Directions:
Set down, word for word, every line of the material below from the one containing "把全校分為教室、全校廁所及公共區域三部分" through the one containing "completely honest, I", but none of its pictures.

Material shown:
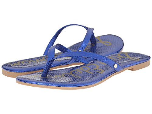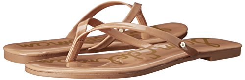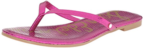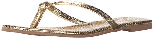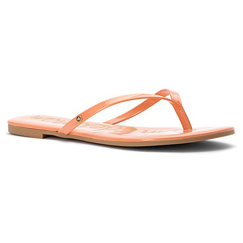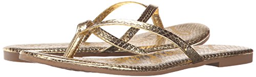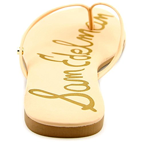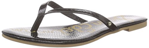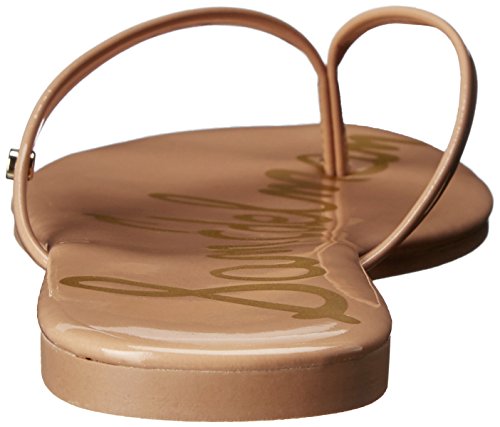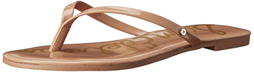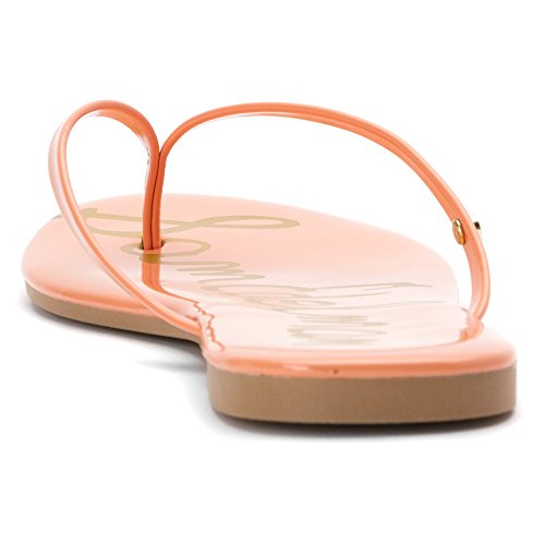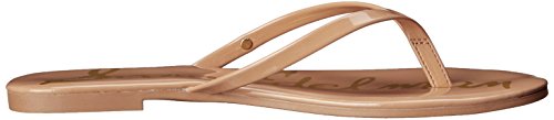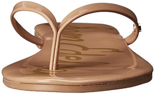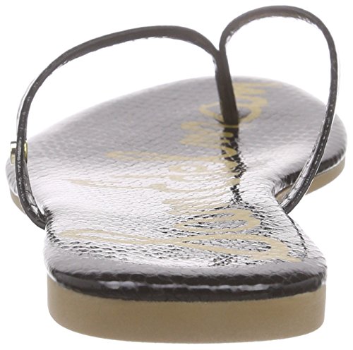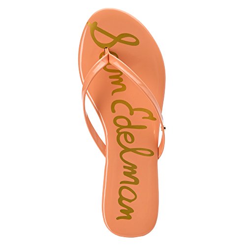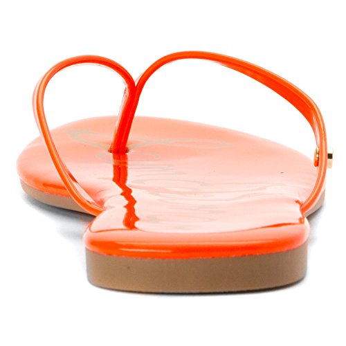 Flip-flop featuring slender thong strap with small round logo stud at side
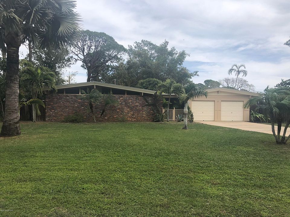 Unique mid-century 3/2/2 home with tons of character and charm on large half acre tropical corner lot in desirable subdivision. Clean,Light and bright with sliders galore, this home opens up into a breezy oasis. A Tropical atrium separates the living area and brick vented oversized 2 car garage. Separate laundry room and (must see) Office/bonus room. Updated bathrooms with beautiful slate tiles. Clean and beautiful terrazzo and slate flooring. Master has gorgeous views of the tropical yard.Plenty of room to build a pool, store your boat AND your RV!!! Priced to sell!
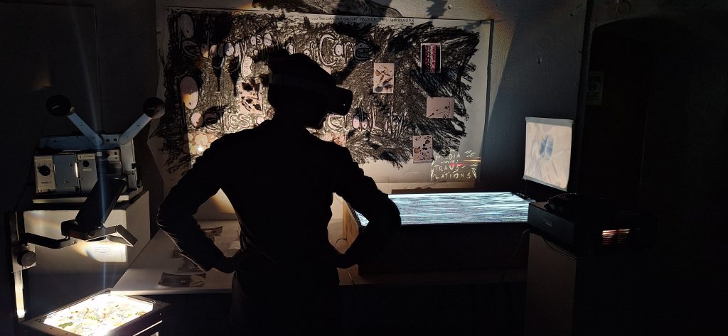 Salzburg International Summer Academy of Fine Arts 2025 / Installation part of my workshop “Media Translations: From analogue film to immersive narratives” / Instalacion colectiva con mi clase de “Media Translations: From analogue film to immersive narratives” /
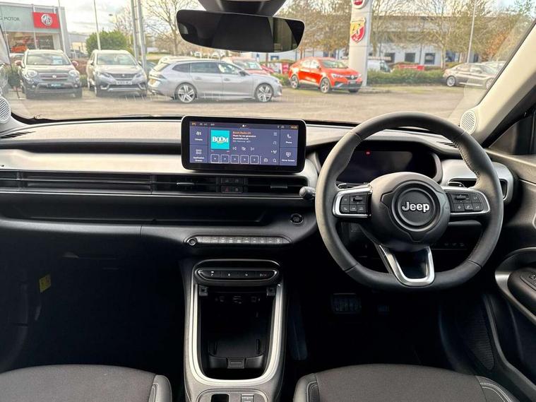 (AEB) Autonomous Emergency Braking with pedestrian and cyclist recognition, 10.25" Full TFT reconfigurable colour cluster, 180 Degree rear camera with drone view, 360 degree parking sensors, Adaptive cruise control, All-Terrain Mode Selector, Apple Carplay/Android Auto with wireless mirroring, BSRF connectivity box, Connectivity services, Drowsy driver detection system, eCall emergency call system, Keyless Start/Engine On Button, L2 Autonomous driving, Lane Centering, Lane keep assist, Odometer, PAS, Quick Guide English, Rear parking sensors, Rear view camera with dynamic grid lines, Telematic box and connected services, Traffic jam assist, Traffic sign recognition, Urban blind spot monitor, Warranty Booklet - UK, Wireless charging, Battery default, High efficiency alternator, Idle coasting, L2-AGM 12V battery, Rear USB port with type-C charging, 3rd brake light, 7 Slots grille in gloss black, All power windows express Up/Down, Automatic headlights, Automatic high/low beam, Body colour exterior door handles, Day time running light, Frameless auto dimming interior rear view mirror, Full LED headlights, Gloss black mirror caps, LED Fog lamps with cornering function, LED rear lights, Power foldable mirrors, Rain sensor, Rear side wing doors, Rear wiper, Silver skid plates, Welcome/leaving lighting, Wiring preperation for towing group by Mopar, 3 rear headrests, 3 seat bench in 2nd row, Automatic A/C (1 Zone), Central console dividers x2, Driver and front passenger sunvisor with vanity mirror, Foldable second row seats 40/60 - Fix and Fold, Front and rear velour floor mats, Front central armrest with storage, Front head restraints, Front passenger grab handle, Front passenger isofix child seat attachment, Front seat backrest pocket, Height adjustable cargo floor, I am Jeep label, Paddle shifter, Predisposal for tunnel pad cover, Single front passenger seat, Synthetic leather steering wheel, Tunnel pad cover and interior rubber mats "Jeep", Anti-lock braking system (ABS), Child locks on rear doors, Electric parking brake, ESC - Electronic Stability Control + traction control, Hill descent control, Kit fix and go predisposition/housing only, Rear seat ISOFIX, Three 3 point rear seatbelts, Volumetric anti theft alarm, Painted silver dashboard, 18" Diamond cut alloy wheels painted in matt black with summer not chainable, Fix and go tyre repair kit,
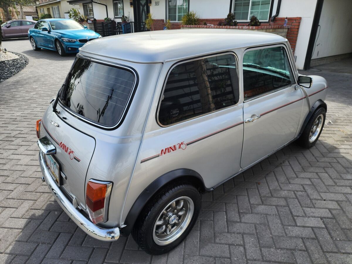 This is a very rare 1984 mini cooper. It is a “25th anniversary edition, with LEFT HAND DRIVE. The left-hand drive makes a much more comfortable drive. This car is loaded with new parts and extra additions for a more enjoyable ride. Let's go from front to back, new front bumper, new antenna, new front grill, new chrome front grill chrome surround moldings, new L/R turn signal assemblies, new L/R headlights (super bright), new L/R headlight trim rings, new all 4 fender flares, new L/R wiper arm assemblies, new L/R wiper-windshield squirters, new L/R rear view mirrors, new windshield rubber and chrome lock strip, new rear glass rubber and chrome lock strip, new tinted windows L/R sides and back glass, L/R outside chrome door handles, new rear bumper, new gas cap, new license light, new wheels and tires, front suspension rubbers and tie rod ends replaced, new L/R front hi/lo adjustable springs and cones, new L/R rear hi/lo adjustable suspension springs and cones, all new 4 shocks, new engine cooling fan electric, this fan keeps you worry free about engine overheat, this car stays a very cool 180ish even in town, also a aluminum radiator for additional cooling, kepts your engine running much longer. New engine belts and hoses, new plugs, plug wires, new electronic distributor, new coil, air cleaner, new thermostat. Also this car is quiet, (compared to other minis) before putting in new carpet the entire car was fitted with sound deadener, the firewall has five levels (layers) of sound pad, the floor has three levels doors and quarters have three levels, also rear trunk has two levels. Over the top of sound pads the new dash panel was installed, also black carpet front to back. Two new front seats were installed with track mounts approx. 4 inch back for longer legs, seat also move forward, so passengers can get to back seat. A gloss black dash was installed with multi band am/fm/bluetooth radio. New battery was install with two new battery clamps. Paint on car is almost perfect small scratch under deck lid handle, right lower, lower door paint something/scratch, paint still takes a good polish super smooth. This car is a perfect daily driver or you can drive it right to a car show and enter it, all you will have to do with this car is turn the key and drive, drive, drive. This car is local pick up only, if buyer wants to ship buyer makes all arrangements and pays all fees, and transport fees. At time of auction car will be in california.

* * *

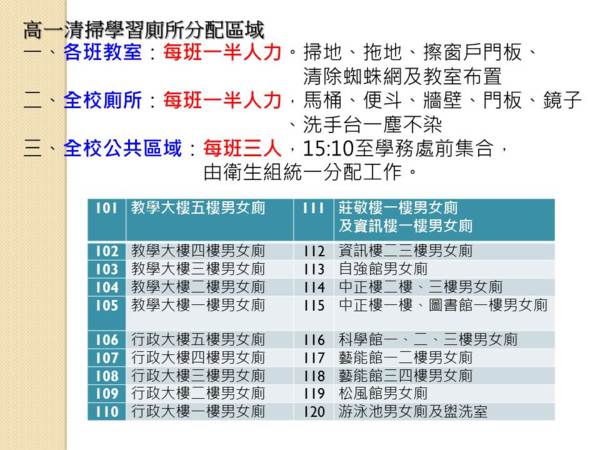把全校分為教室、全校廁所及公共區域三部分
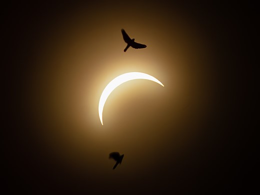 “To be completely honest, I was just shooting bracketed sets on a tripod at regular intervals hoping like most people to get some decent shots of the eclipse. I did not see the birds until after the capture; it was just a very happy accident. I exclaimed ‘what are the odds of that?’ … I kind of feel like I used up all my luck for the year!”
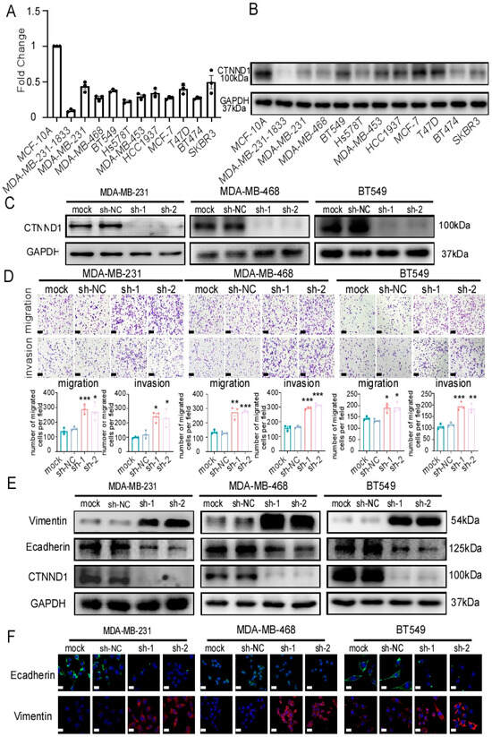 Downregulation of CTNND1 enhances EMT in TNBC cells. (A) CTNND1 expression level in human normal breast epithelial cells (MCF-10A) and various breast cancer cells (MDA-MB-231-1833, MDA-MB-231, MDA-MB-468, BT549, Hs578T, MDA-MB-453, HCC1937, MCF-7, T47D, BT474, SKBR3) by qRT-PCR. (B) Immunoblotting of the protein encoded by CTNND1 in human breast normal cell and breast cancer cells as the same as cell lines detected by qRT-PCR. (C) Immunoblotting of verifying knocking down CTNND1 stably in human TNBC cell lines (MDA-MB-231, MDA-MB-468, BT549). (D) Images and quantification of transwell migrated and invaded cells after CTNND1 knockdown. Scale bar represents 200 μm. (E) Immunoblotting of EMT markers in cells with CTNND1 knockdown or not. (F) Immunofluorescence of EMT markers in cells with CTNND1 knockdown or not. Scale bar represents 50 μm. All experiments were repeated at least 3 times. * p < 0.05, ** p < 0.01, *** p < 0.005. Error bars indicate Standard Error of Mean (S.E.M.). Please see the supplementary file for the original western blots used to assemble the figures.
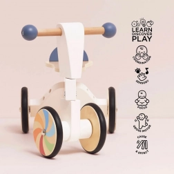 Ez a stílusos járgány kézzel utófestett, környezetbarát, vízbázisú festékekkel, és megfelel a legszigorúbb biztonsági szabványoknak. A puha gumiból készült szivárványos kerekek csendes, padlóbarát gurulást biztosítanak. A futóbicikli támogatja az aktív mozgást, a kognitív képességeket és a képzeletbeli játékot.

--

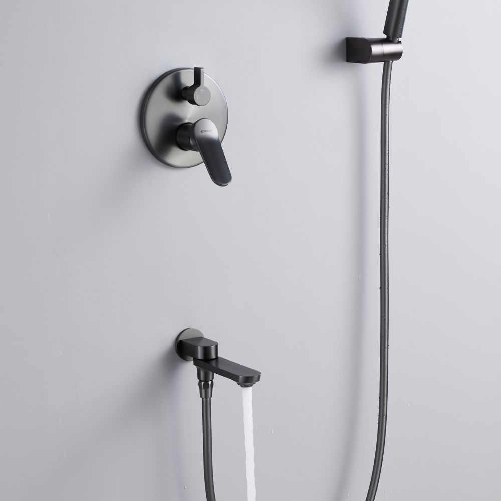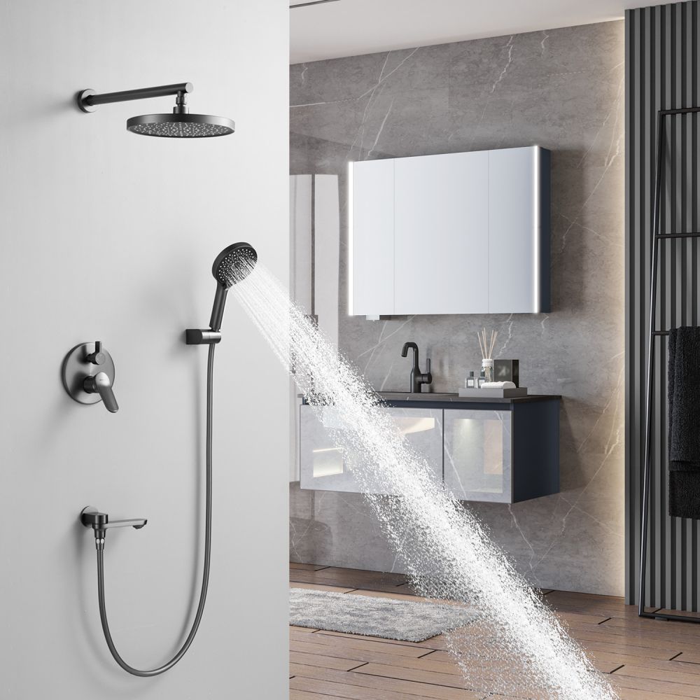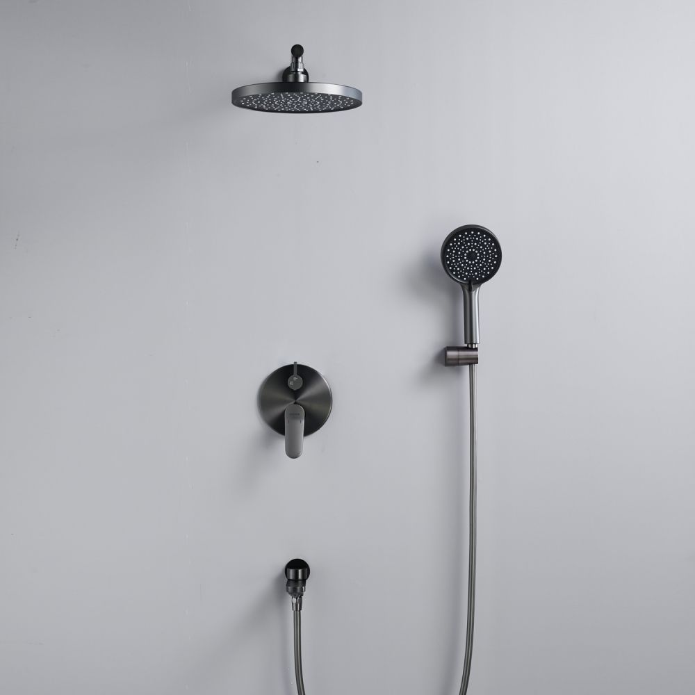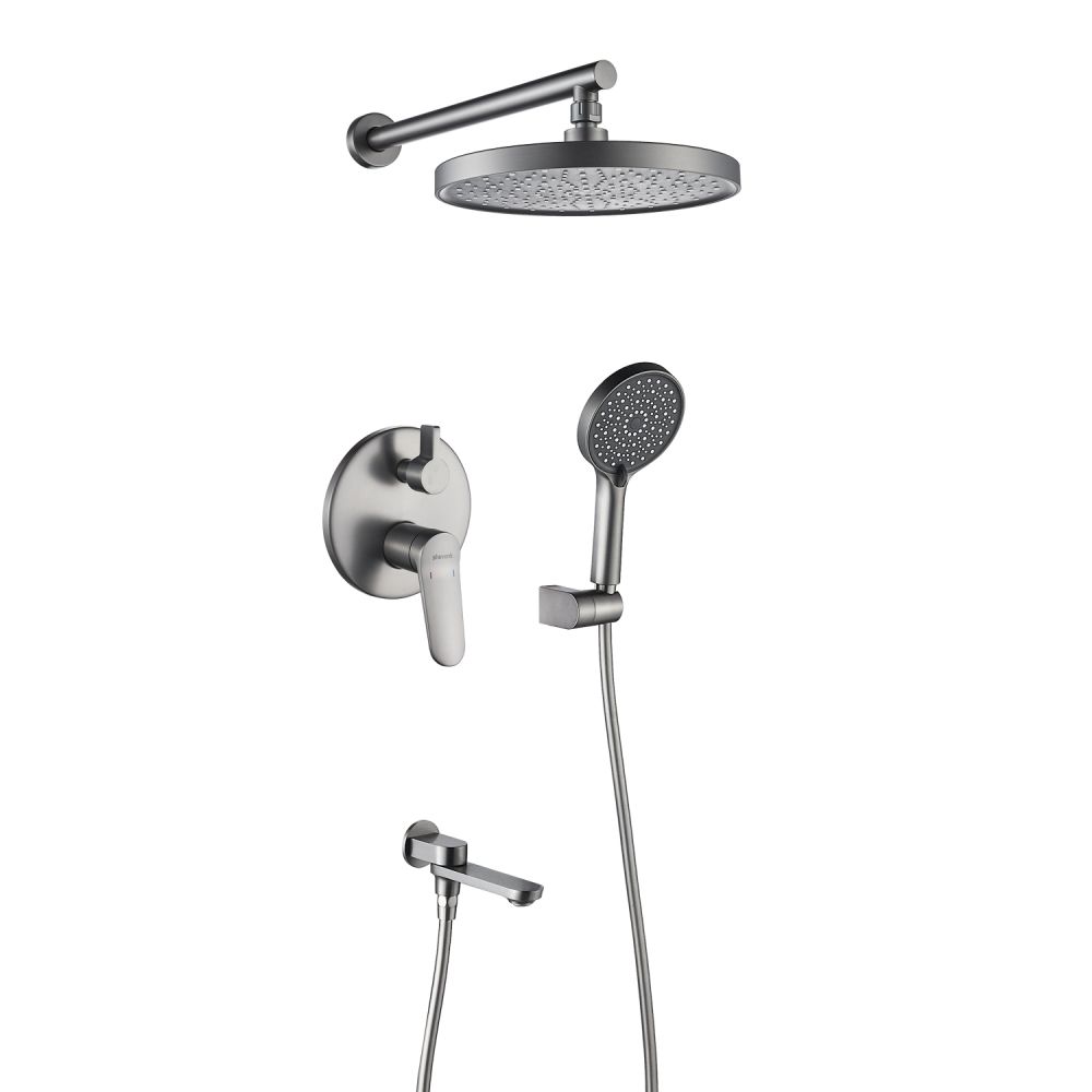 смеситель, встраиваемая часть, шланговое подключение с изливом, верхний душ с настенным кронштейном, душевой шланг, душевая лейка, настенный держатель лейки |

Answer to this task:
把全校分為教室、全校廁所及公共區域三部分
 “To be completely honest, I was just shooting bracketed sets on a tripod at regular intervals hoping like most people to get some decent shots of the eclipse. I did not see the birds until after the capture; it was just a very happy accident. I exclaimed ‘what are the odds of that?’ … I kind of feel like I used up all my luck for the year!”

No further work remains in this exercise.